September 4, 2010

Ratatouille Provençal with Polenta

This is an adaptation of a recipe from The New Basics Cookbook which, throughout graduate school, was the only cookbook we owned. My dad actually drew our attention to this recipe, which makes ratatouille a little more interesting with the addition of basil pesto and olives. You barely sauté the vegetables before putting them in the oven to bake for 45 minutes. When we first gave it a try, we liked it, but we had a dilemma. By itself, it's not quite enough for a main course, but it's enough work that we didn't feel like making a meat to go with it. So what to serve it with to make a complete meal? We first tried couscous, which was fine, but a little lackluster. Then, we finally made one of those "why haven't we been eating this all along" discoveries - polenta. It's so easy and delicious.

In fact, the first time we made polenta (for a wild mushroom appetizer that we made last Thanksgiving), I was stirring the polenta while Michael worked on the mushrooms, and I tasted the polenta to see how it was doing. It was so good that I tasted it again, and "tasted" is probably not the best word because it was quite a large spoonful, and tasting turned into eating and there was a moment when I really wasn't sure I was going to have the self-control to stop eating it. That's how good it is.

For the ratatouille, we added some capers to the original recipe, as well as a wider variety of squashes, and crumbled some goat cheese on top for some creamy tanginess - add some garlic bread on the side and it's a perfect meal. You could easily make it vegan by using only stock or water in the polenta and leaving off the cheese; if you want to make it meatier, we think andouille sausage would be a good addition.

Ratatouille (serves 4-5)
Adapted from Julee Rosso and Sheila Lukins, The New Basics Cookbook
- 1 tbsp olive oil
- 2 leeks, well rinsed and chopped into 1 inch pieces
- 2 cloves garlic, chopped
- 1 medium eggplant, diced into 1 inch pieces
- 1 pound of assorted squash (we used zucchini, yellow and green summer squash), diced
- 1 pint cherry tomatoes (or 2 medium tomatoes, chopped)
- 1/2 cup niçoise olives
- 2 tbsp capers
- 1/2 cup basil pesto (recipe below)

Preheat the oven to 375 degrees. In a large skillet, heat the olive oil over medium heat. Add the leeks and cook until soft, about 5 minutes. Add the garlic, squash, and eggplant and cook for three minutes. Stir in the tomatoes, olives, capers, and pesto, and transfer the mixture to a casserole. Cover and put in the oven. Bake for 45 minutes, stirring once halfway through.

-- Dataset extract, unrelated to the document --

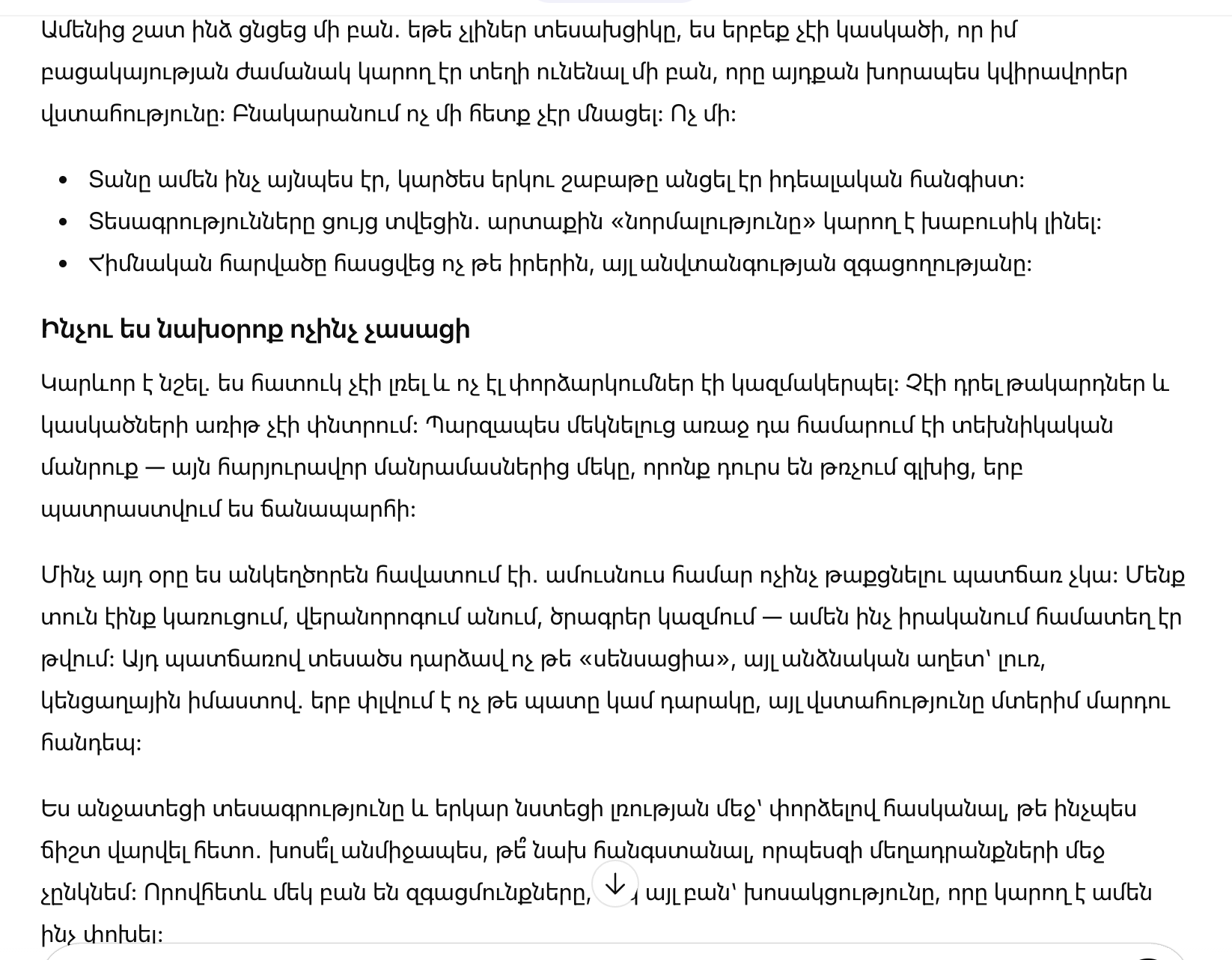 Меня поразило прежде всего одно: если бы не камера, я бы никогда не заподозрила, что в моё отсутствие могло происходить что-то, способное так сильно ранить доверие. В квартире не осталось никаких следов. Никаких.

Basil Pesto (makes about 3/4 cup - a little more than you need for the ratatouille, but we find that extra pesto is never a problem)
A confession: we are not purists when it comes to our pesto. When we discovered that pine nuts had more than doubled in price, we decided to try substituting cashews, and thought the result tasted just as good.
- 2 cloves garlic
- 1 and 1/2 cup fresh basil, loosely packed
- 1/4 cup pine nuts or other nuts
- 1/3 cup parmesan cheese
- 1/4 cup olive oil
- Salt and black pepper to taste

Put the garlic, basil, pine nuts, cheese, and salt and pepper in a food processor, and pulse until well blended. With the food processor running, add the olive oil in a slow stream until the mixture resembles a creamy paste, using more or less oil as needed.

Creamy Polenta (serves 4-5)
- 1 cup polenta (coarse cornmeal)
- 2 cups vegetable stock
- 2 cups milk
- 1 California bay leaf or 2 Turkish bay leaves
- 1 tbsp butter
- 1/4 cup grated parmesan cheese
- Salt and pepper to taste

Bring the stock and milk to a boil in a medium saucepan. Turn off the heat and add the bay leaf, letting the mixture sit for fifteen minutes to absorb the flavor (skip this step if you're pressed for time). Remove the bay leaf and bring the liquid to a simmer over medium heat. Add the polenta gradually, pouring it in a slow stream while stirring it in with a whisk to prevent clumps. Keep stirring the mixture until it thickens, about 10 minutes. Add the butter, cheese, salt, and pepper, and taste (if you have the self-control to do so!)
Serve the ratatouille over the polenta and crumble some soft goat cheese, such as chevre, over the top.